Refracturing in Low-Permeability Reservoirs

A recent Applied Technology Workshop (ATW) held in San Antonio, Texas, “Refracturing in Low-Permeability Reservoirs,” explored refracturing techniques and overall reservoir effects. The technical agenda was divided into eight segments: keynote, candidate recognition, rock mechanics, refracturing design, economics, case studies, refracturing unconventional reservoirs, and poster sessions.

Kicking off the ATW was Chris Wright, President of Pinnacle Technologies, who brought participants up to date on where and how this domain surfaced, the various methods of candidate selection, and several brief case histories. While the technique of refracturing wells began in the 1940s, only a small number of wells have actually been refractured. The industry’s tendency to refracture poor-quality wells has led to a perception that the technique of refracturing may not be successful. There may be as much as 10 Tcf of proved developed nonproducing gas reserves available by means of refracturing. The candidate selection process has improved significantly over the past few years, leading to better understanding and improved results. Various formations have responded to larger fractures, water fractures, low-gel-load fractures, and other methods. The data must be gathered and analyzed and best practices employed to optimize the refracturing design.

Candidate Recognition

Three presentations addressed selection of candidate reservoirs for refracturing. In a session titled “GIS Technology for Refrac Candidate Selection: Process and Example,” BJ Services Applied Geoscience Manager Randy LaFollette described how a Geographical Information System (GIS) is used in the candidate selection process. The methodology is statistical, combining pattern recognition from aerial distribution of production performance and computational analyses/algorithms to provide short lists of refracture candidates. Individual well review occurs only on the “short list” wells as the last step before refracture treatments. A case history was used to explain workflow.

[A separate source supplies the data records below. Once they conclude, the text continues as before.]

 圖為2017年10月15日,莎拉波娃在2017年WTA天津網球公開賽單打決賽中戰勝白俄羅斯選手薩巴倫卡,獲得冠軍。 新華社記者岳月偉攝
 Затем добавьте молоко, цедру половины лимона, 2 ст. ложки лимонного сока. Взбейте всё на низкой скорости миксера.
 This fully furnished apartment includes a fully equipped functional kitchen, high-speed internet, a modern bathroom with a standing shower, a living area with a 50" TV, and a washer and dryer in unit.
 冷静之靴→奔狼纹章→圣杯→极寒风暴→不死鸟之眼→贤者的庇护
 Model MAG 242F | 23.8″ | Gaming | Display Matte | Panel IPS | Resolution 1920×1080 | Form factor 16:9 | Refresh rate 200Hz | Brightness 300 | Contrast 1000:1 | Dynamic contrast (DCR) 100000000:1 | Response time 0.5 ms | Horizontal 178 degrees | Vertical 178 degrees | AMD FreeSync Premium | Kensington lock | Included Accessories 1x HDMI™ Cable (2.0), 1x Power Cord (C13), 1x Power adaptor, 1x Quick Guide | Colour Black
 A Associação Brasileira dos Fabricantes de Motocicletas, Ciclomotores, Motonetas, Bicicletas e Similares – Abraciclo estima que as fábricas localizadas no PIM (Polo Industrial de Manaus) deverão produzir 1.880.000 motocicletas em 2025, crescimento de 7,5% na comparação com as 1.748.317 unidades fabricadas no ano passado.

West Virginia U. Professor Shahab Mohaghegh explained candidate selection methodology using virtual intelligence in a session titled “Restimulation Candidate Selection in Tight Formations.” The process moves from field review to well-by-well review. This methodology attempts to merge a comprehensive production data set and analyze the data with reduced subjectivity while addressing the entire reservoir capability within reasonable geographic distance. The methodology is statistical and integrates several production-data-analysis techniques (e.g., type curve/dynamic contact angle). Case histories were discussed at the end of the presentation.

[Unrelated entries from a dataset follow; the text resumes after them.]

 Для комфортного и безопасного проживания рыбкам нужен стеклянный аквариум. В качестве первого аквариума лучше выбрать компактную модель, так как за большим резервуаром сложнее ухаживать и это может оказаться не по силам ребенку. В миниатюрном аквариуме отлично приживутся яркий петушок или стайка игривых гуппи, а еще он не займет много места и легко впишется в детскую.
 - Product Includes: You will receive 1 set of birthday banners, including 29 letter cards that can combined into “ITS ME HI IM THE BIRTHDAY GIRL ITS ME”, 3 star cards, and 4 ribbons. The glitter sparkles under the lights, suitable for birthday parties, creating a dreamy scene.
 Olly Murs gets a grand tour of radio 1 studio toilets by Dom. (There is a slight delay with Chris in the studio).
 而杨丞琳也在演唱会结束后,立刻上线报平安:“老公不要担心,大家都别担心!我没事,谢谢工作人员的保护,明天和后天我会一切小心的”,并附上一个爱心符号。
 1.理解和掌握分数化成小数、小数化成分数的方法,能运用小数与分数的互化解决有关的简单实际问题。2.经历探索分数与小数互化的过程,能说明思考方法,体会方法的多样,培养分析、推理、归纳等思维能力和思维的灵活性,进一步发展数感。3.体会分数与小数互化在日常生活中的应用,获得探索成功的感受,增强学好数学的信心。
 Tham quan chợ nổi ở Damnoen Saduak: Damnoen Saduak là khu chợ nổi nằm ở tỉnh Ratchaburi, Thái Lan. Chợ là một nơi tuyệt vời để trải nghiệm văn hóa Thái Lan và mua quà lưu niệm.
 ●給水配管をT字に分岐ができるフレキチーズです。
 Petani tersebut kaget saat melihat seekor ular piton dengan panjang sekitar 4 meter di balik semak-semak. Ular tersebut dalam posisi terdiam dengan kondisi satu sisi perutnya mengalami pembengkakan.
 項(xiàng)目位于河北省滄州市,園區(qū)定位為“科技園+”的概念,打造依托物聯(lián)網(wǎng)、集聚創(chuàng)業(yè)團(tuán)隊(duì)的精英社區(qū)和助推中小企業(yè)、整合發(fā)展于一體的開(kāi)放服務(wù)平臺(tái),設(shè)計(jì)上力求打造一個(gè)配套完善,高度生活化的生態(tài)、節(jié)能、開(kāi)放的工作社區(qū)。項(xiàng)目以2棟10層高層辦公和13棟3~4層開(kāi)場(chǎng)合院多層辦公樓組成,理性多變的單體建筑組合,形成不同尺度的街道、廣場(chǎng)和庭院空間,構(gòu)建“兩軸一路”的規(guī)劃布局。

In “A New Refracture Candidate Diagnostic Test Determines Reser-voir Properties and Identifies Existing Conductive Damaged Fracture,” Halliburton Rocky Mountain Tech Team member David Craig discussed a diagnostic test to determine refracturing candidates on both a well-by-well and an interval-by-interval basis. The test requires a short injection above fracture-initiation pressure and an extended shut-in period with the pressure falloff recorded. The test has both qualitative (identify existing fracture damage) and quantitative (permeability, current reservoir pressure, current fracture properties) objectives.

Rock Mechanics

It was suggested by Pinnacle Technologies Chief Technology Officer Norman Warpinski that fracture reorientation could occur from stress-alteration effects, bridging within fractures, and pore-pressure effects from depletion. In his session titled “Refracturing: Concepts for Accessing New Reservoir Volume,” he presented an example of altered stress from the Piceance basin that showed several stress tests performed in an observation well 90 ft from a well being fracture stimulated. Each test indicated a higher rock stress as the nearby fracture treatment progressed.

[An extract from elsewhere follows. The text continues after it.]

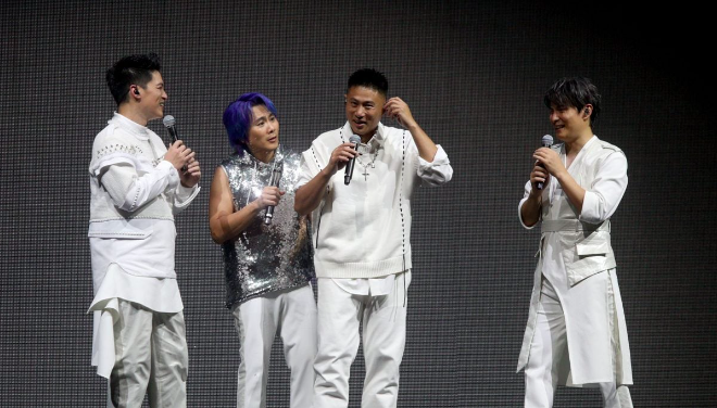 最后4人合体唱《无所谓》、《白色花漾》及《因为爱》,演唱会划下完美的句点。
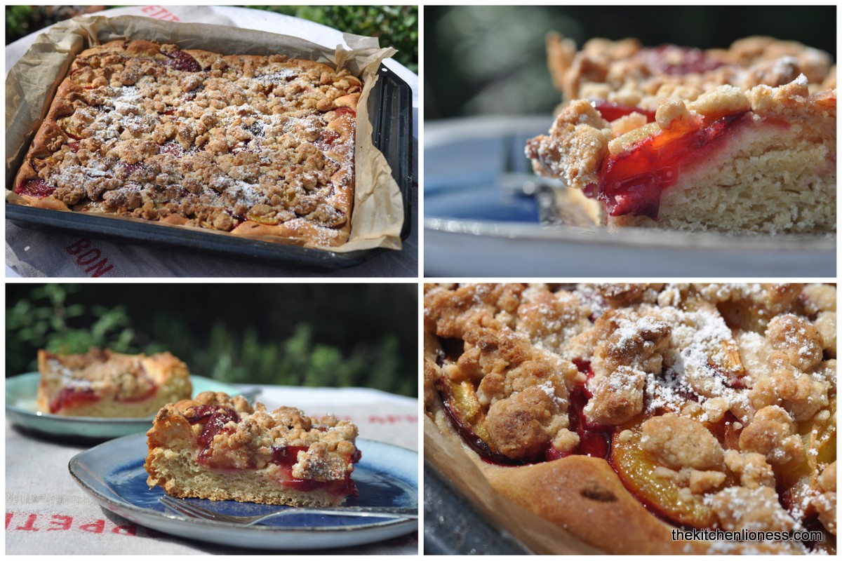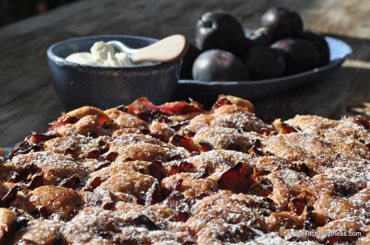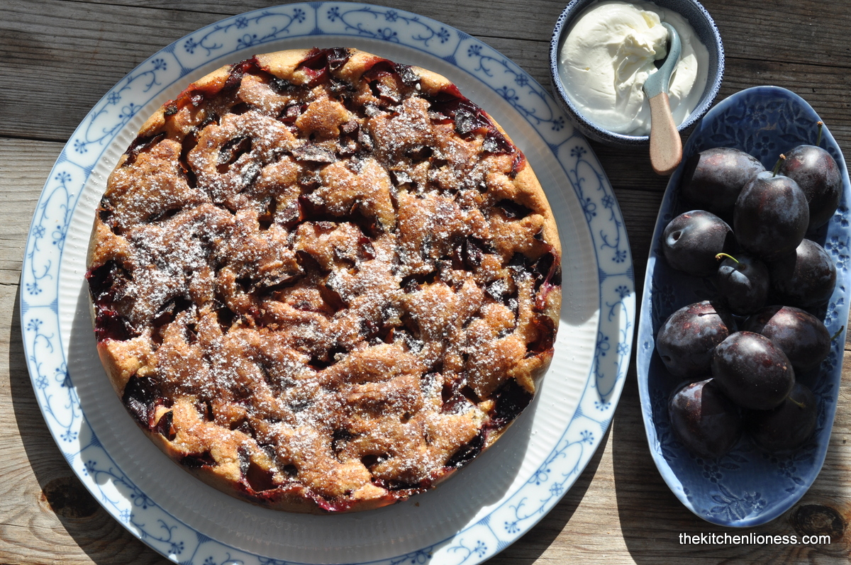 There are countless recipes out there for plum cake. Whether plum cake as a sheet pan cake, as a tart, with or without yeast, a buttery shortcrust pastry base, or one made with Quark (fresh cheese) and oil, with streusel or nut topping, these are all incredibly popular around here but what is non-negotiable, is a generous helping of Schlagsahne (whipped cream) on top.

ConocoPhillips Engineering Fellow Carl Montgomery, SPE Technical Director, Drilling and Completions, shared his experience with refracturing high-permeability chalk formations in the North Sea. The session, titled “High-Rate Acid Refracturing Mechanisms,” provided a different perspective on fracture mechanics, adding understanding of rock’s anisotropic, inelastic, and dilatant characteristics. He pointed out that reopening an original fracture will be difficult because it is plugged with the materials (desirable and undesirable) that have been pumped during original stimulation.

In his session titled “Refracturing—Considering First Principles,” ASRC Energy Services Technical Director John McLennan said he believes that if pore pressures are reduced there is a reduction in stresses that could lead to complex refracture geometry. He also stated that there is an optimum time for refracture stimulation—delaying refracturing allows a reduction in stresses, so as depletion develops far from the well, the reorientation possibility diminishes.

Refracturing Design

Schlumberger Senior Development Engineer Xiaowei Weng presented and explained a modeling concept for fracture reorientation based on the work of Mack and Elbel (1993).1 The production from a fractured well could cause stress reorientation near the initial fracture plane, inducing a new fracture orthogonal to the initial fracture. Three distinct periods of fracture propagation during refracturing treatments were described. Also, part of Weng’s presentation, titled “Effect of Production Induces Stress Field on Refracture Propagation and Pressure Response,” comprised evaluations of two field cases in the Barnett shale comparing the model prediction to the actual-treatment pressure response. Comparison also was made with tiltmeter observations. The implications for refracturing design and candidate selection were discussed.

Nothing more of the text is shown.